Check every line below for the string "marche", and copy the lines that contain it.
········
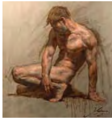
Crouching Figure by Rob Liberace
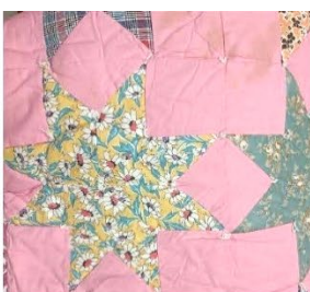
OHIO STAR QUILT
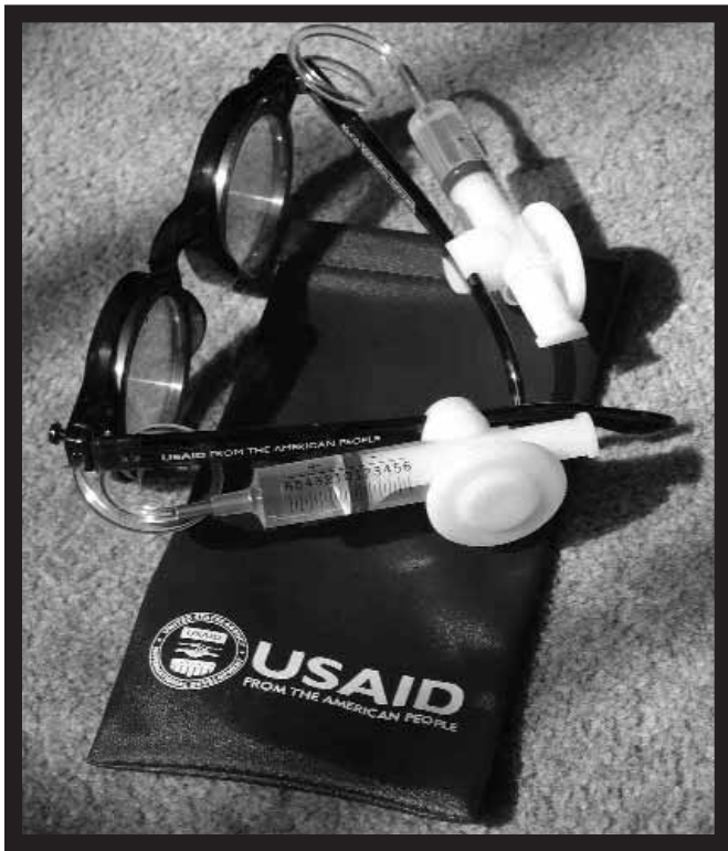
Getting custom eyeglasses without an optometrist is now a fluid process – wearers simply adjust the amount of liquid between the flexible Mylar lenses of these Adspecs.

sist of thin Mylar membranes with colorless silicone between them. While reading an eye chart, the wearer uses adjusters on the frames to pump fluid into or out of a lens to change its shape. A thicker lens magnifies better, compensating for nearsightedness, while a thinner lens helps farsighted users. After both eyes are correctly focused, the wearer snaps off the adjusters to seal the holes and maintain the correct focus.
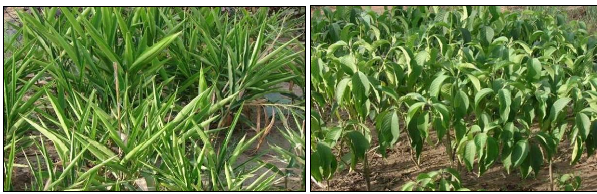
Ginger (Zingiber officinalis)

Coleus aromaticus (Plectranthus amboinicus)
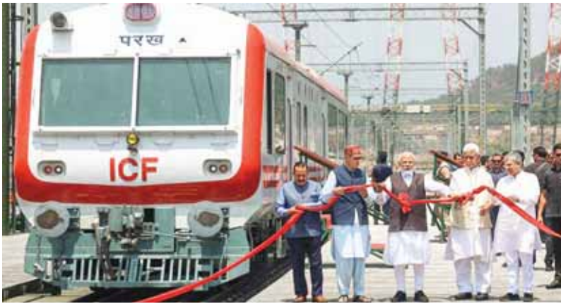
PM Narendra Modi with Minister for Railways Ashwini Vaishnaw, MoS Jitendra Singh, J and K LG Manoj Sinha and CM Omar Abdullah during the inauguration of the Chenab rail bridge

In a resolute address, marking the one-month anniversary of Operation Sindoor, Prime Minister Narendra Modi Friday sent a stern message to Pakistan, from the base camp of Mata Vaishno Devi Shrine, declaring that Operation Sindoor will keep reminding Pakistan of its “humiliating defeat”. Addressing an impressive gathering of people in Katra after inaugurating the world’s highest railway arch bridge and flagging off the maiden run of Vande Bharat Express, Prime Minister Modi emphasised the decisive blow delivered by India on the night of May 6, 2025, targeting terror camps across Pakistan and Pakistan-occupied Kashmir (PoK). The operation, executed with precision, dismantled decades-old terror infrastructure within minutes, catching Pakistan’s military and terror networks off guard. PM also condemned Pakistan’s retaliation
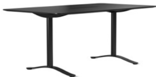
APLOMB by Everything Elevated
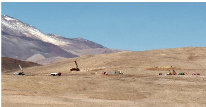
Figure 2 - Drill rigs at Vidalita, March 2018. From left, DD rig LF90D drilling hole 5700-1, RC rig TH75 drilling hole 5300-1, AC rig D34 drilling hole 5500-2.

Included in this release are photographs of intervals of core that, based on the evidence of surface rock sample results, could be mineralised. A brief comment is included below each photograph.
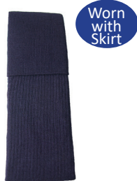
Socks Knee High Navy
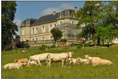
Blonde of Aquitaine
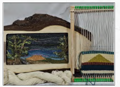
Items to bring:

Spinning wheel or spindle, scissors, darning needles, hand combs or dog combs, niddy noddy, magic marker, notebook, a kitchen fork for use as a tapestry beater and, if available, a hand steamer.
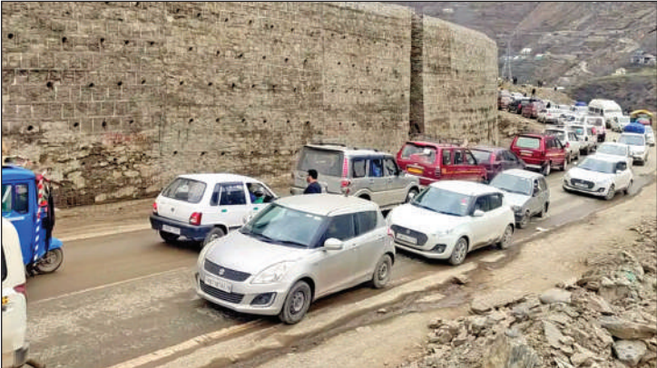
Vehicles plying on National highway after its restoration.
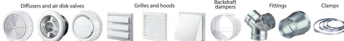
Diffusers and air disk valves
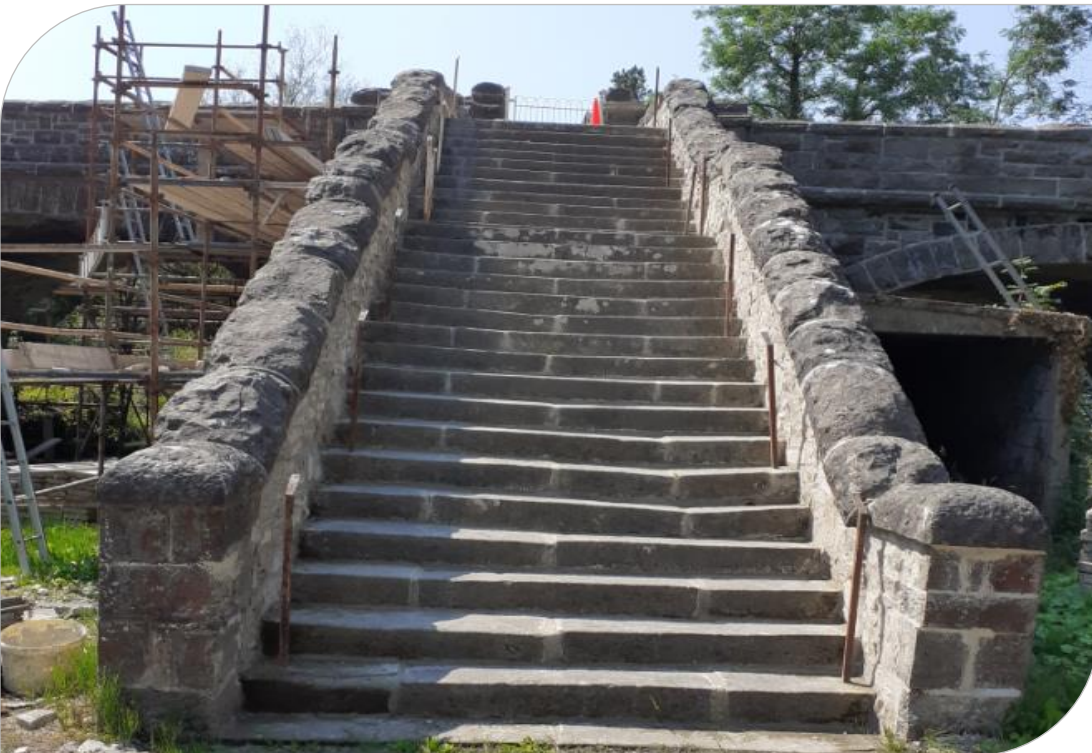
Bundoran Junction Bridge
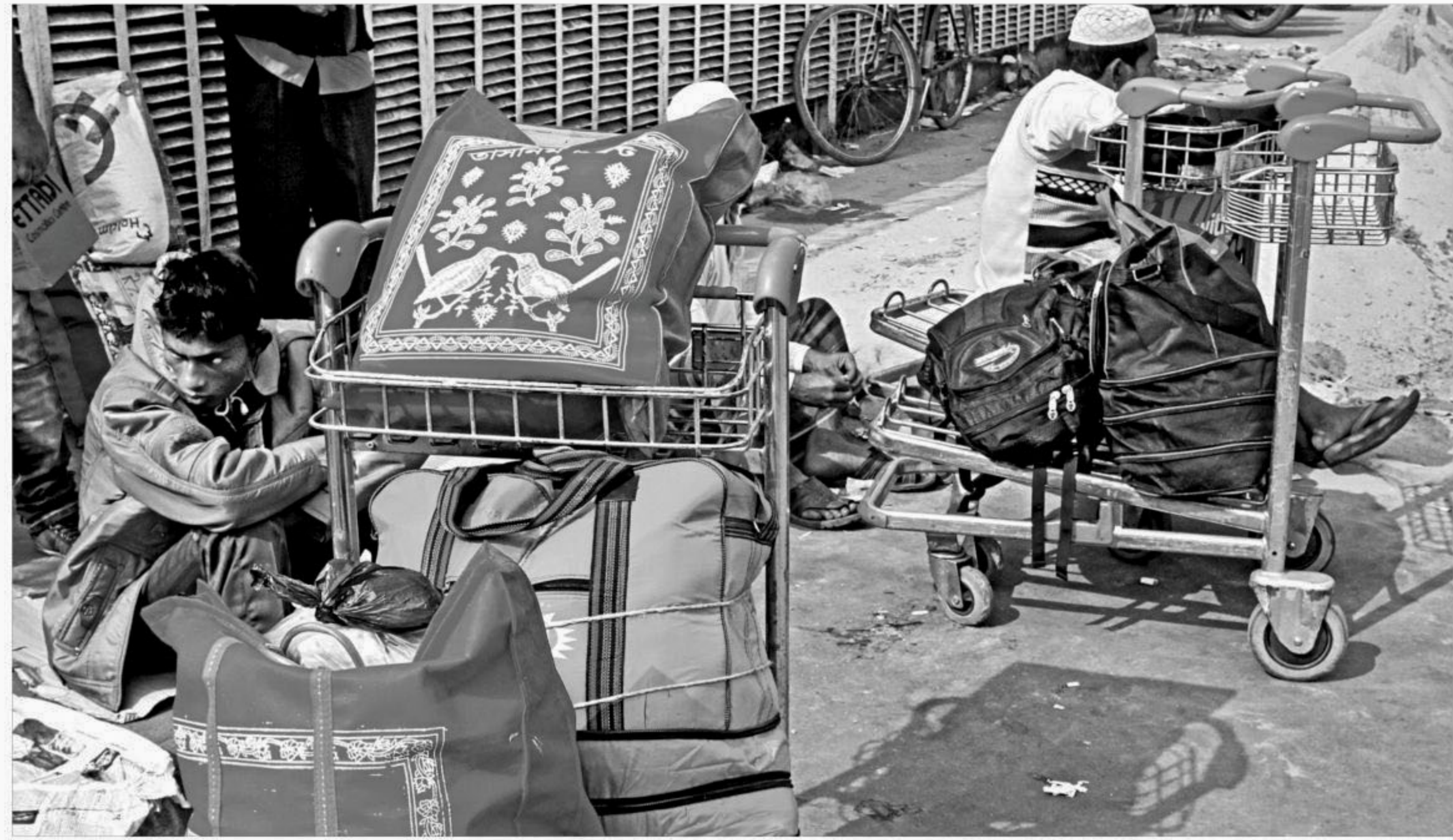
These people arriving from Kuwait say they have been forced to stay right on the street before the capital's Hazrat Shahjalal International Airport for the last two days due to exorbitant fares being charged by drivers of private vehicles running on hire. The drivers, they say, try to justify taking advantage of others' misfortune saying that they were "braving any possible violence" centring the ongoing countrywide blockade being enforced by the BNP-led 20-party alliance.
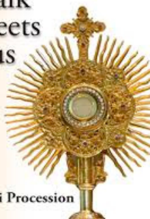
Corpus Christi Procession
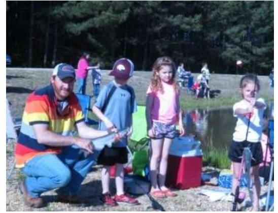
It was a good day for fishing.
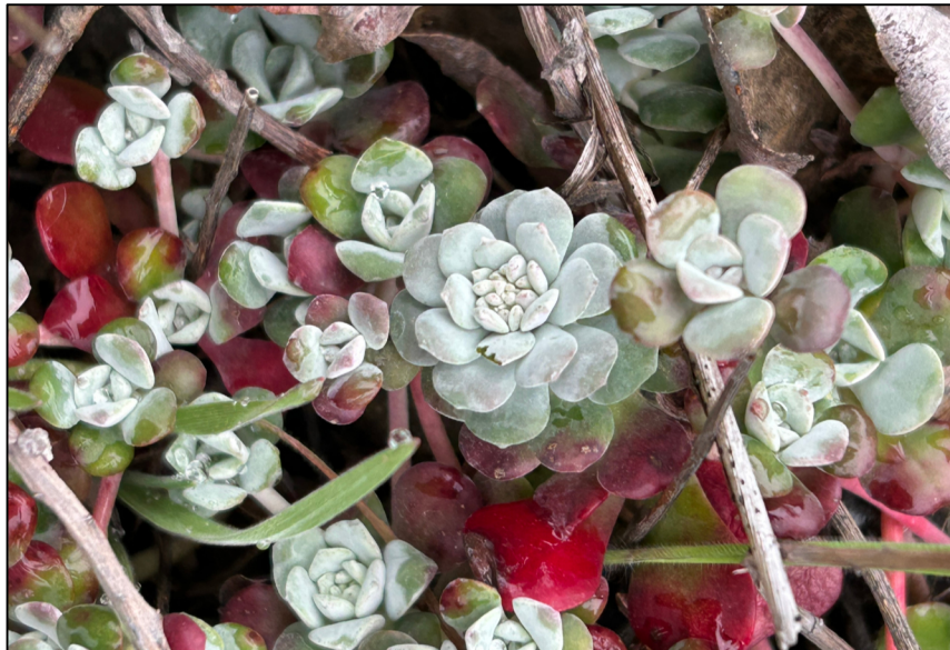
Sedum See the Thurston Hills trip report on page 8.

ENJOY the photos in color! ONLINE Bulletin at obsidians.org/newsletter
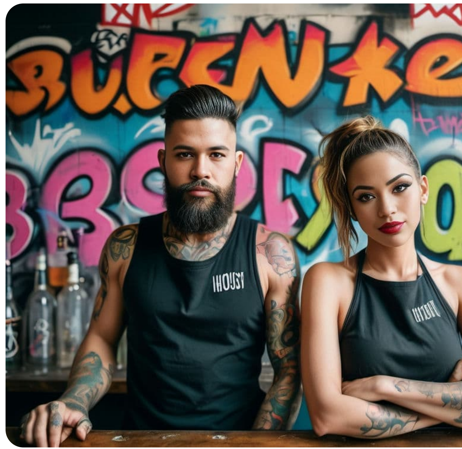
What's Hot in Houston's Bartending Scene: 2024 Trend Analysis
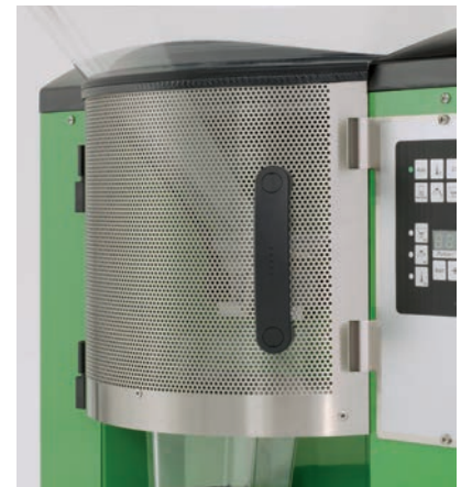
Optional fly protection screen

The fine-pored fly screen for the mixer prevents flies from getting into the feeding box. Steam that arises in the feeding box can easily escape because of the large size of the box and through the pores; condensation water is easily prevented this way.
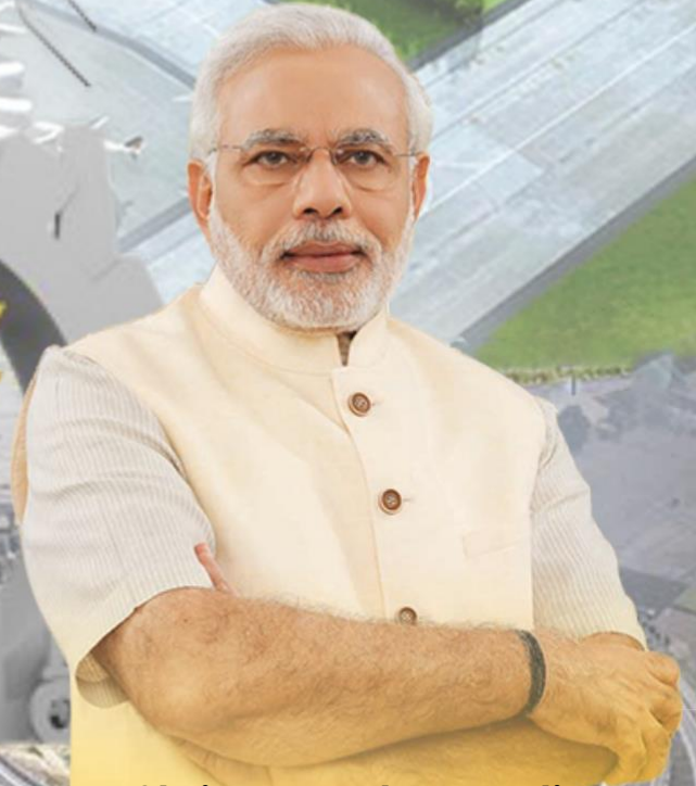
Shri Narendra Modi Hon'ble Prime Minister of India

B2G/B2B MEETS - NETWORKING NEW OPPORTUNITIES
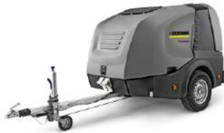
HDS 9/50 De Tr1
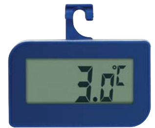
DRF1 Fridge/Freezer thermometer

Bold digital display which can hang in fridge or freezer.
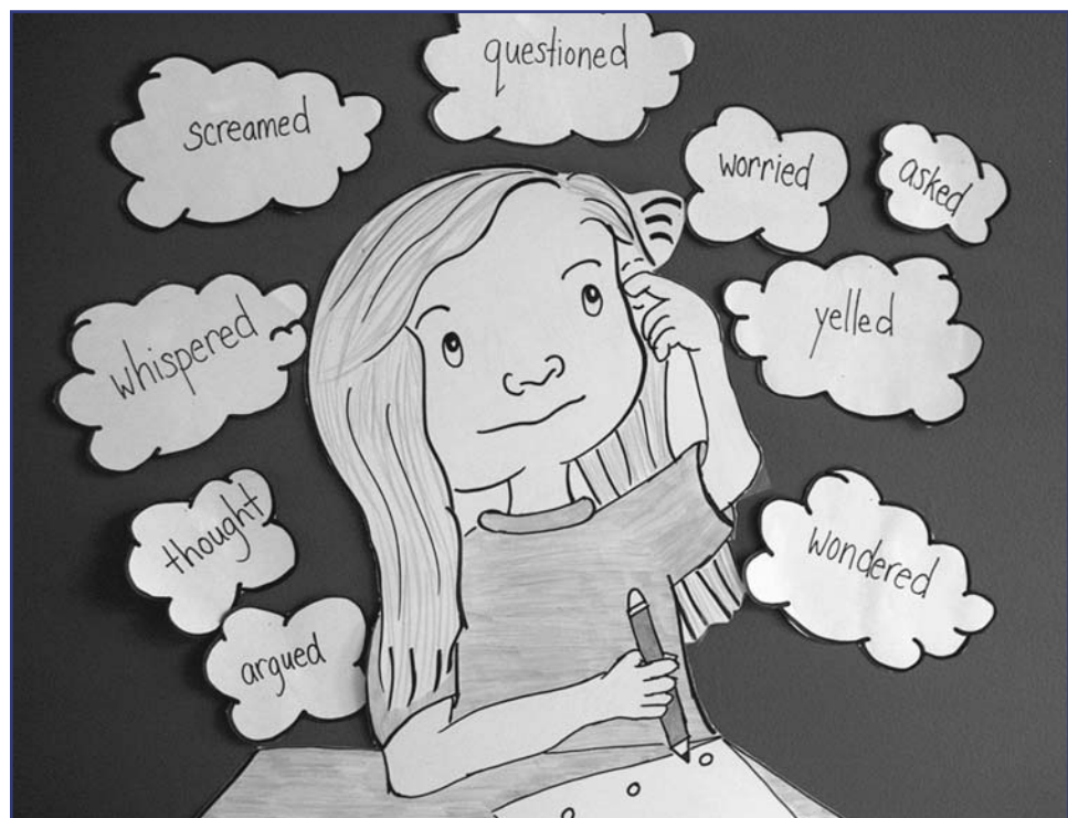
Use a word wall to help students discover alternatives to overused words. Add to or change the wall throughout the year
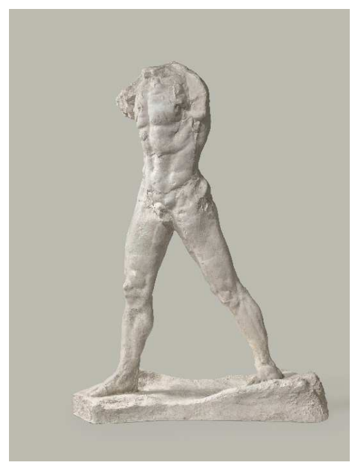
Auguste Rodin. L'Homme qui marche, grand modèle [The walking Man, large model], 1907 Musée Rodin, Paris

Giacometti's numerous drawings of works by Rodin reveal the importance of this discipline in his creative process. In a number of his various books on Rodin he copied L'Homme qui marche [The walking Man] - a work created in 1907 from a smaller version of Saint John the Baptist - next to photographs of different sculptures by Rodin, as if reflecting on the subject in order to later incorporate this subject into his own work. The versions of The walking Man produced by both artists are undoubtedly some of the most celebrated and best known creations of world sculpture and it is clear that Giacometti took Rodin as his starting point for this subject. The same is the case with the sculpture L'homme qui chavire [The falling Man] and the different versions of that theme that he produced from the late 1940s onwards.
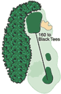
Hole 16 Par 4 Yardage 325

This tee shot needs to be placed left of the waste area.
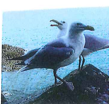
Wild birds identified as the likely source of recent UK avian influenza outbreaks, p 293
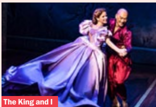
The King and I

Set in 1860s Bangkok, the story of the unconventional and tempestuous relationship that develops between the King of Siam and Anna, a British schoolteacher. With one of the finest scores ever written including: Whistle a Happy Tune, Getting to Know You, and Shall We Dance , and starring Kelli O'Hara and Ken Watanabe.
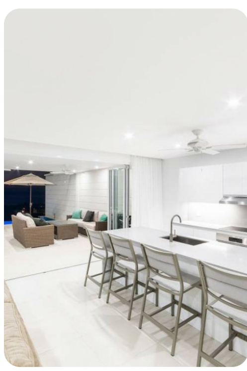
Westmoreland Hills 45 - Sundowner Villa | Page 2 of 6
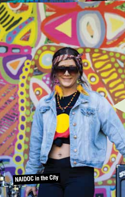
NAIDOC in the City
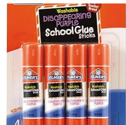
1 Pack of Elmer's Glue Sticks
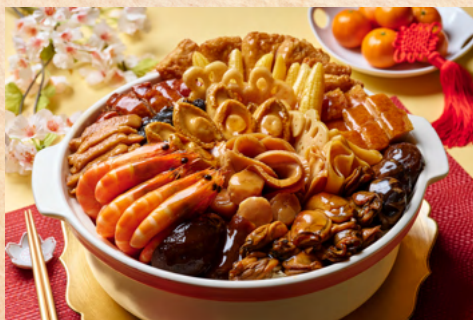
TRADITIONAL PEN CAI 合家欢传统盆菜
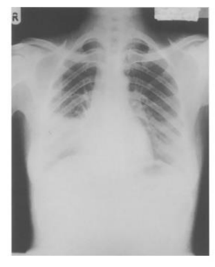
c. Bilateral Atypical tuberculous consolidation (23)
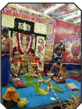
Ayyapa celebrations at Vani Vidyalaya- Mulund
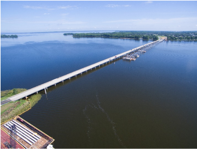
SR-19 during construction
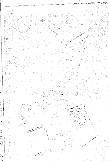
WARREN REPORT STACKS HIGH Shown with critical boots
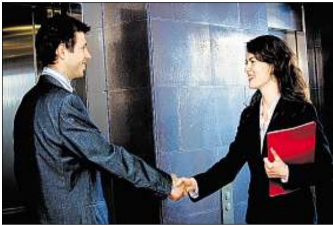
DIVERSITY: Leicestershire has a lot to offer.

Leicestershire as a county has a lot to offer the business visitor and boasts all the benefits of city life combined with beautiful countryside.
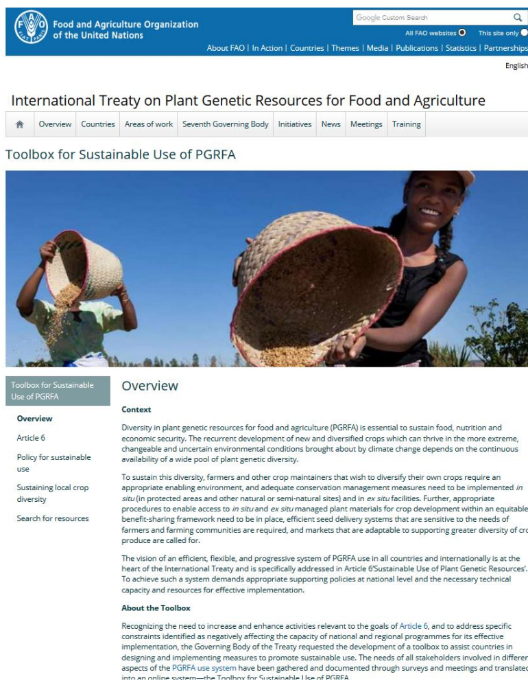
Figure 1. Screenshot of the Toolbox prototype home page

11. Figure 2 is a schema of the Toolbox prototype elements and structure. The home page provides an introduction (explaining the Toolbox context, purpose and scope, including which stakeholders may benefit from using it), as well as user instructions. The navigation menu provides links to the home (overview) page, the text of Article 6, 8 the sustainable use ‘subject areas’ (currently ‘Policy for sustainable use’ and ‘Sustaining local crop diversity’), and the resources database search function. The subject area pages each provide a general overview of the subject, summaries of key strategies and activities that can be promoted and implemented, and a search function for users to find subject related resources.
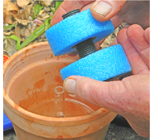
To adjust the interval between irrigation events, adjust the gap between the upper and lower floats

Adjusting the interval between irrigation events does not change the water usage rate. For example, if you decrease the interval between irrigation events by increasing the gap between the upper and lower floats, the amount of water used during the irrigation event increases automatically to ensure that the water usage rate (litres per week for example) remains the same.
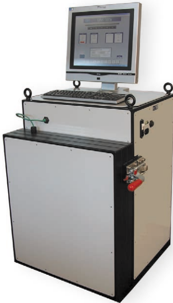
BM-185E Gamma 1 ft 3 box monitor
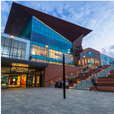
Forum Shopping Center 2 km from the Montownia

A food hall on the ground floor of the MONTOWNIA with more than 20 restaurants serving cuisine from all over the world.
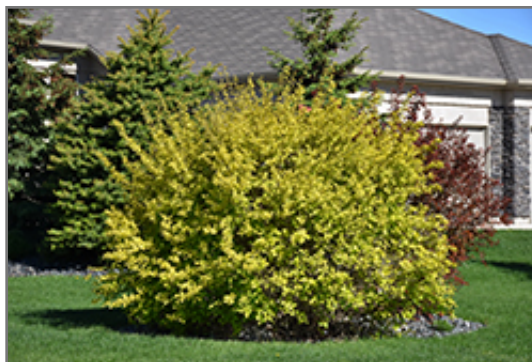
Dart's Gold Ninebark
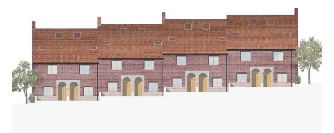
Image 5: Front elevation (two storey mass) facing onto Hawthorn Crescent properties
········
**RESULT FOR THIS EXERCISE**
Auguste Rodin. L'Homme qui marche, grand modèle [The walking Man, large model], 1907 Musée Rodin, Paris
Giacometti's numerous drawings of works by Rodin reveal the importance of this discipline in his creative process. In a number of his various books on Rodin he copied L'Homme qui marche [The walking Man] - a work created in 1907 from a smaller version of Saint John the Baptist - next to photographs of different sculptures by Rodin, as if reflecting on the subject in order to later incorporate this subject into his own work. The versions of The walking Man produced by both artists are undoubtedly some of the most celebrated and best known creations of world sculpture and it is clear that Giacometti took Rodin as his starting point for this subject. The same is the case with the sculpture L'homme qui chavire [The falling Man] and the different versions of that theme that he produced from the late 1940s onwards.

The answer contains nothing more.